Staffers have also said that, even as Camp wants a final tax overhaul to neither add to nor reduce the deficit, it would not be possible for every change to the code to be revenue-neutral. The congressman wants reform to reduce the income tax rates that investors could face under his draft plan on financial instruments. 

“It has long been suggested that steps needed to be taken to provide greater uniformity in the tax treatment of financial products, including moving toward a more unified approach to mark-to-market,” said Michelle Dimarob, Camp’s spokeswoman. 

“The draft proposal seeks to ensure that tax treatment is applied evenly, and it envisions that occurring in conjunction with comprehensive tax reform that significantly lowers rates.”

The Ways and Means chairman is also seeking input on the proposal from stakeholders and the business community, as he did when he released a 2011 draft on how to tax offshore profits of multinational corporations.

With that in mind, industry players have not rushed to criticize Camp’s proposal, instead saying they recognize that it is just one piece of a broader attempt to overhaul the tax code.

Those efforts, industry officials say, might trim tax provisions preferred by some sectors, but would result in a simpler code and lower rates across the board.

This latest proposal would advance another Dodd-Frank effort.

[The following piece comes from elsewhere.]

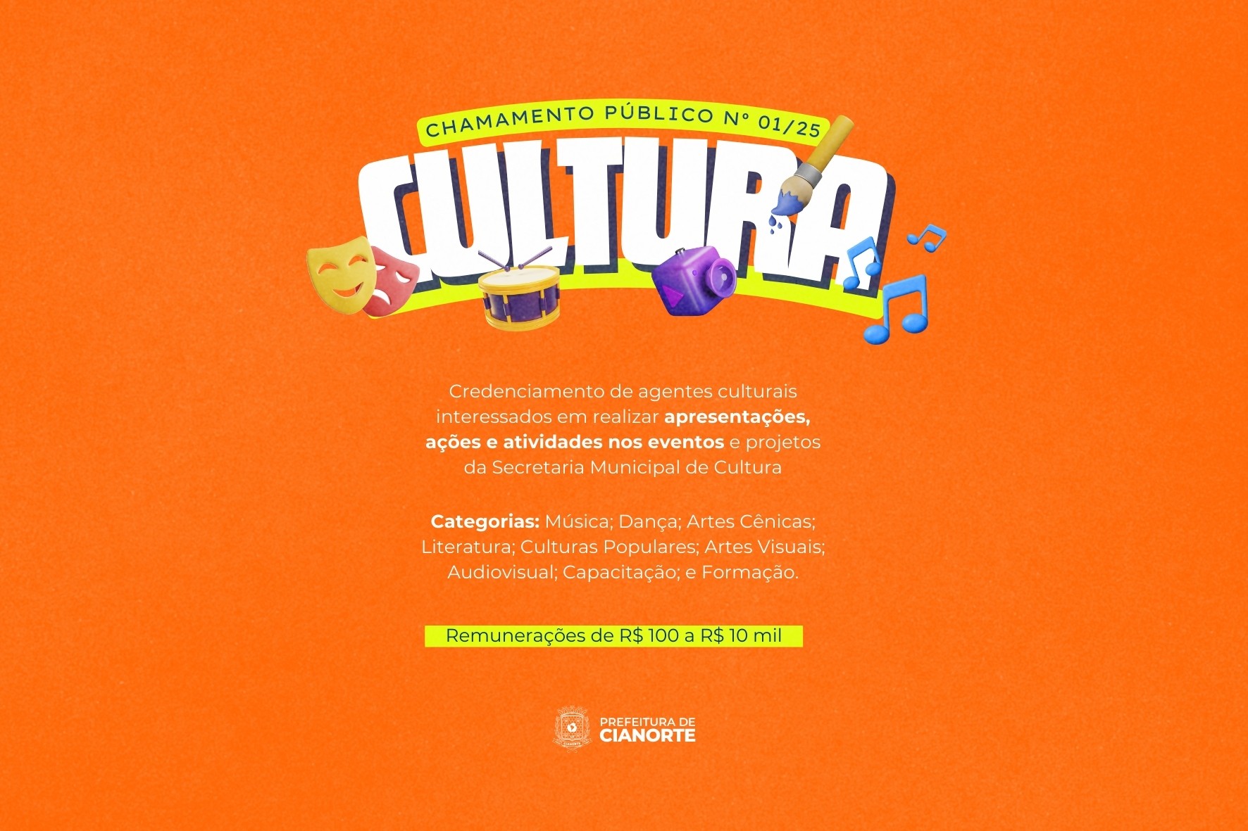 “Este credenciamento atende às diretrizes da recém-criada Lei Federal nº 14.903/2024, intitulada como Marco Regulatório da Cultura. A nova legislação organiza as regras das políticas de Fomento à Cultura, a partir de um ponto de vista técnico e democrático, com um regime jurídico próprio, e cria procedimentos mais inclusos, que retiram os obstáculos e reduzem as desigualdades de acesso às políticas culturais”, explicou o secretário da pasta, Evandro de Castro. O Chamamento Público nº 01/2025 pode ser consultado no Portal da Transparência do Município ou diretamente pelo link https://www.cianorte.pr.gov.br/edital/?idCategoriaEdital=5.

A key piece of Dodd-Frank is the so-called Volcker Rule, aimed at preventing banks from engaging in “proprietary trading” — when banks trade with their own funds in search of profit, rather than at the direction of clients. Profit-seeking trades are banned under the rule, but those made to keep markets flowing would be exempt.

Striking that balance has proven a major chore for regulators, who have missed deadline after deadline for crafting the rules, leading Republicans to openly question whether the idea is even workable.

Camp’s proposal would also set sights on risky, speculative trading.

Under his plan, only taxpayers engaged in speculative derivatives trading would have to employ mark-to-market accounting at the end of each year to identify any gains or losses for tax purposes. Any gains or losses would then be treated as ordinary income for tax purposes.

Businesses using derivatives to hedge against a business risk — for example, an airline using derivatives to guard against fluctuations in fuel price — would be exempted from the new requirement.

Under the Ways and Means proposal, some industry-preferred provisions could be scrapped, but in a way that simplifies the code — providing relief to businesses not looking to gain an edge by taking advantage of the complexity.

“This discussion draft provides a much more favorable regime for corporations,” said Viva Hammer, a former Treasury Department official handling financial products tax policy, now at Brandeis University. “The current regime is just completely chaotic.”